Grande auditrice de podcasts de faits divers, je suis révoltée par la manière dont cette émission traite les féminicides. Ces meurtres sont encore trop souvent présentés comme des “crimes passionnels”, une expression archaïque et trompeuse, qui laisse croire que l’amour ou une émotion incontrôlable guide le geste. Or, il ne s’agit pas d’amour, mais de pouvoir, de contrôle, et de volonté de possession sur les femmes.
Dans de très nombreux cas, on apprend que la victime avait tenté de fuir la relation, de se reconstruire ou d’entamer une nouvelle vie. Ce n’est donc pas une “perte de contrôle”, mais bien une réaction de domination brutale face à l’émancipation de la femme. La présenter comme “celle qui a brisé le cœur de son compagnon” ou “celle qui l’a quitté pour un autre” revient à justifier, voire à humaniser, l’acte du meurtrier.
On minimise aussi les violences antérieures : quand la victime a alerté, le récit donne largement la parole aux proches de l’agresseur pour les contredire : « on n’a jamais vu de bleus », « il n’était pas violent », comme si cela prouvait quoi que ce soit. Pourtant, les violences sont souvent invisibles, psychologiques, et s’exercent à huis clos. Ce choix éditorial contribue à décrédibiliser la parole des victimes et à entretenir les stéréotypes dangereux autour des violences conjugales.

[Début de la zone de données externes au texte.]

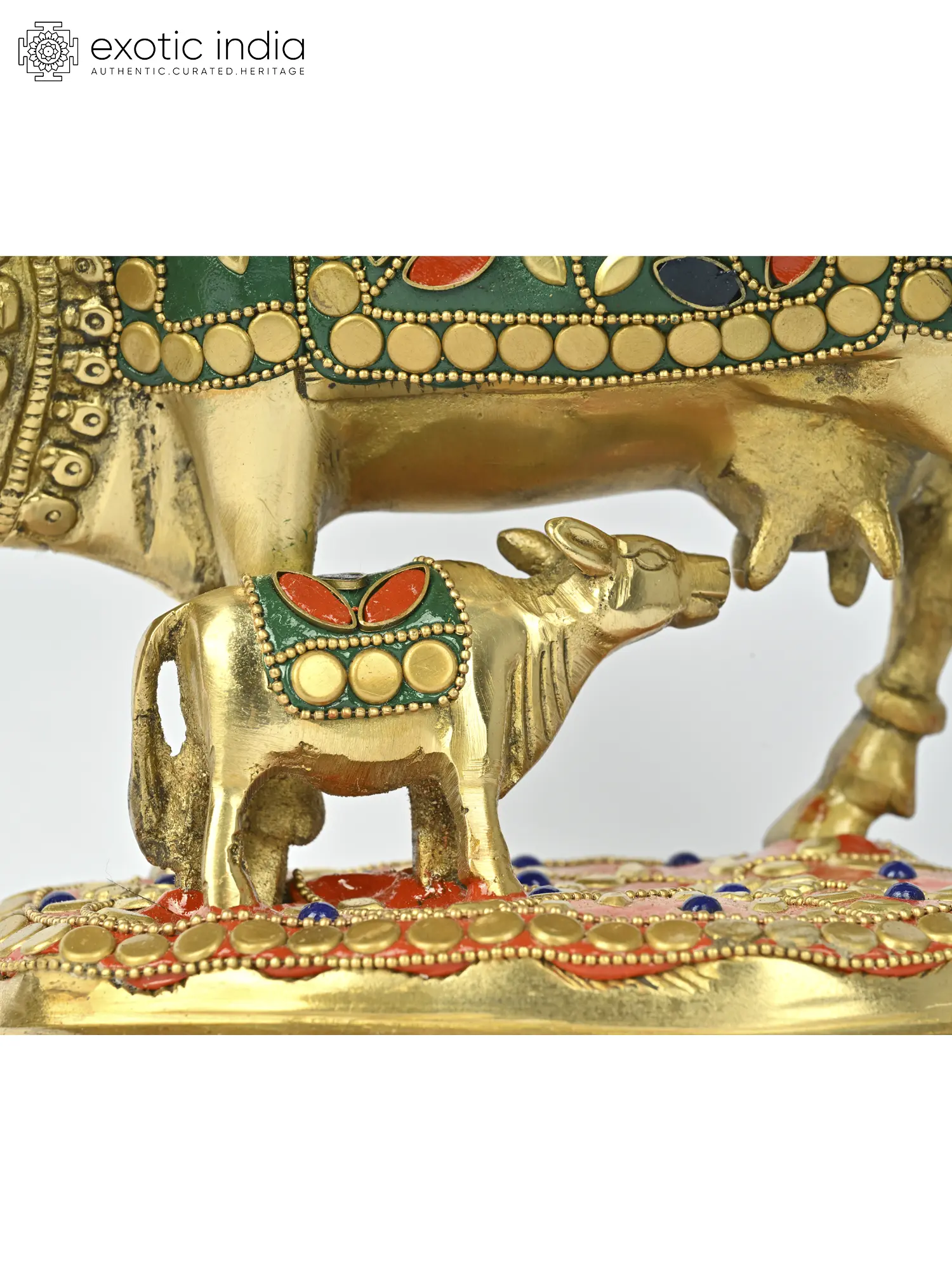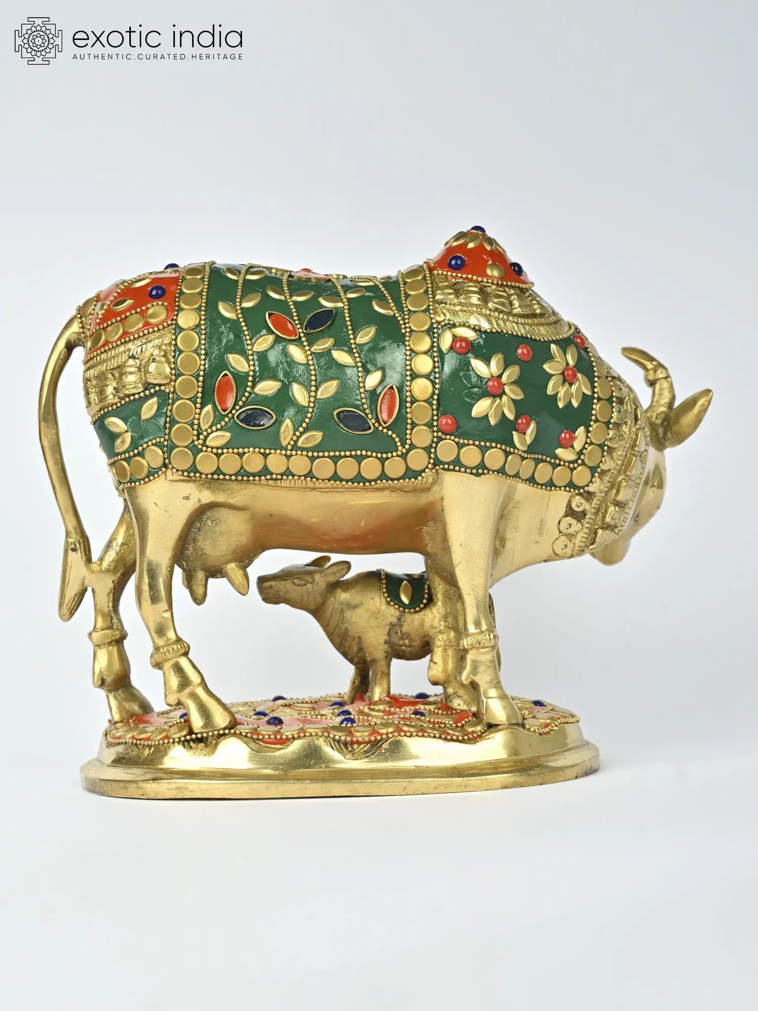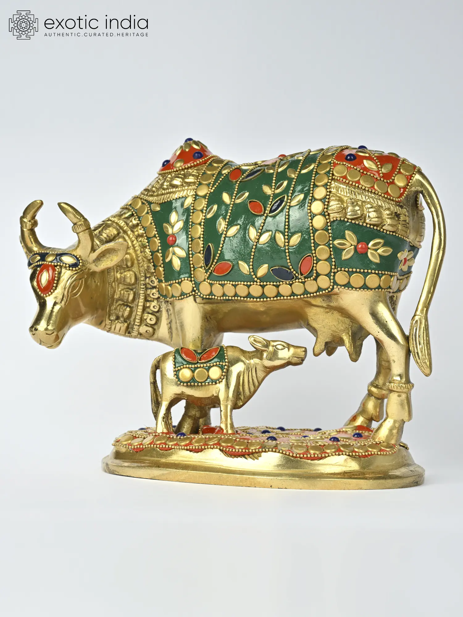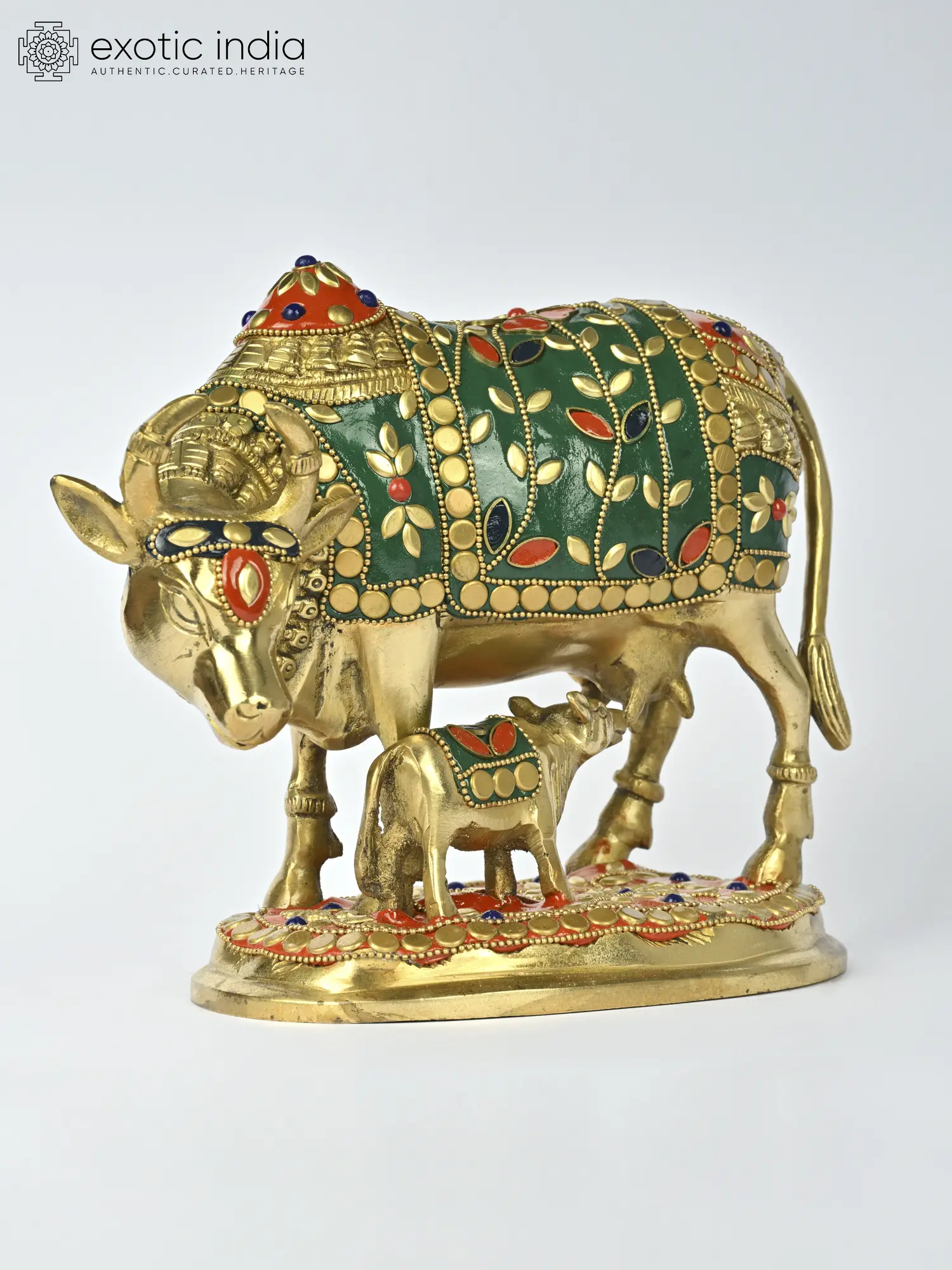 In Vaastu, Kamadhenu with her calf is revered as a symbol of abundance, prosperity, and good fortune. This brass statue captures the divine essence of this sacred pair.
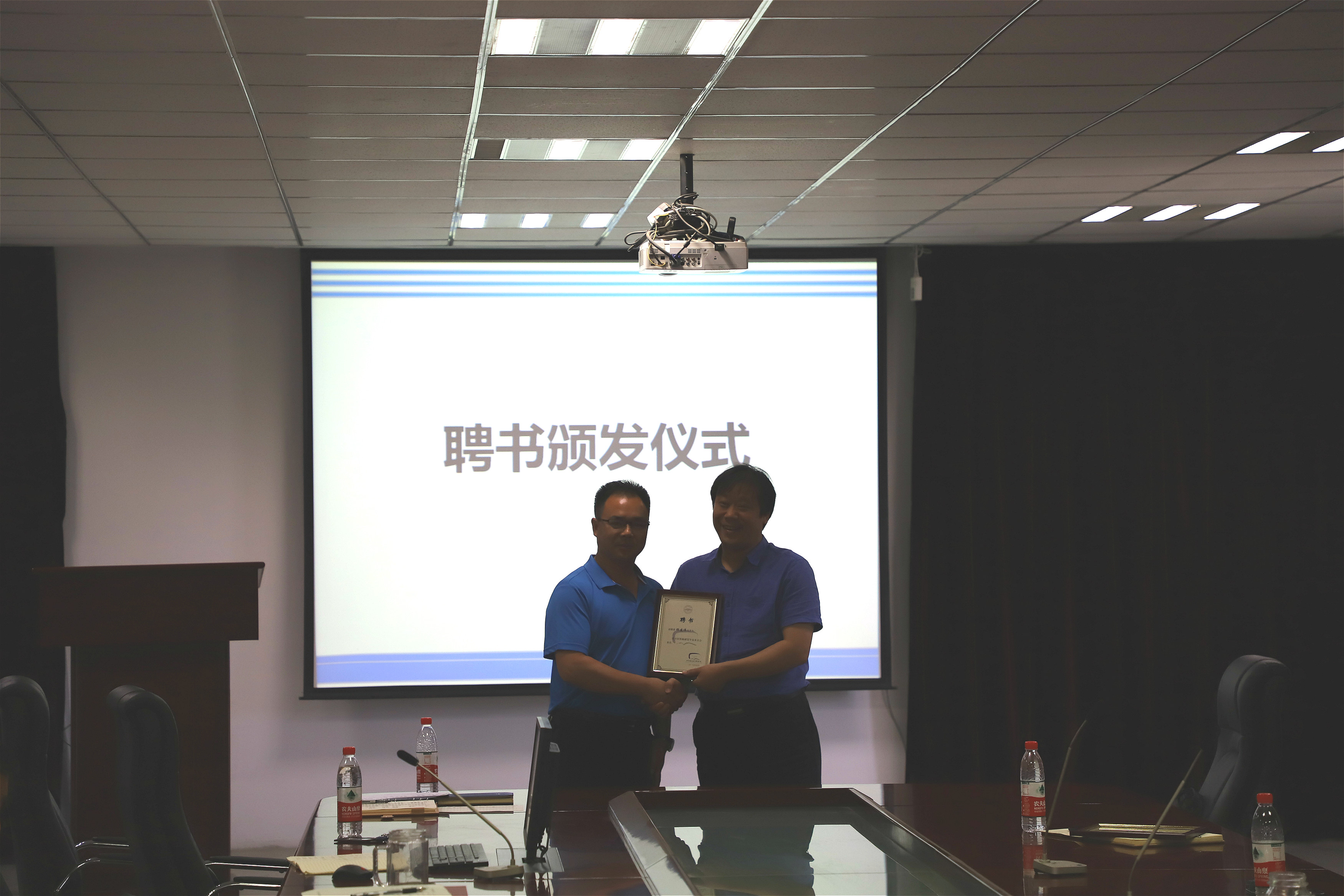 毛发虎首先为友里 院长杨建伟、副院长张军颁发了“图书馆资源建设专家委员会委会”聘书。

Autre biais récurrent : on insiste sur le passé difficile de l’auteur (enfance compliquée, chômage, isolement…) sans jamais interroger son rapport aux femmes, à la masculinité, ni au sentiment de possession. Quand il s’agit de jeunes hommes, on met tout sur le dos des jeux vidéo ou des « mauvaises fréquentations », là encore pour éviter de nommer les causes structurelles : sexisme, culture du viol, banalisation des violences.
Avec une telle audience, cette émission aurait l’occasion de faire œuvre de pédagogie, de nommer les choses, de briser les tabous. À la place, elle recycle des clichés d’un autre temps, au détriment des victimes et de la compréhension d’un fléau qui tue une femme tous les deux à trois jours en France. À l’heure où les chiffres sont alarmants, ce traitement sensationnaliste et désinformé est non seulement navrant, il est dangereux.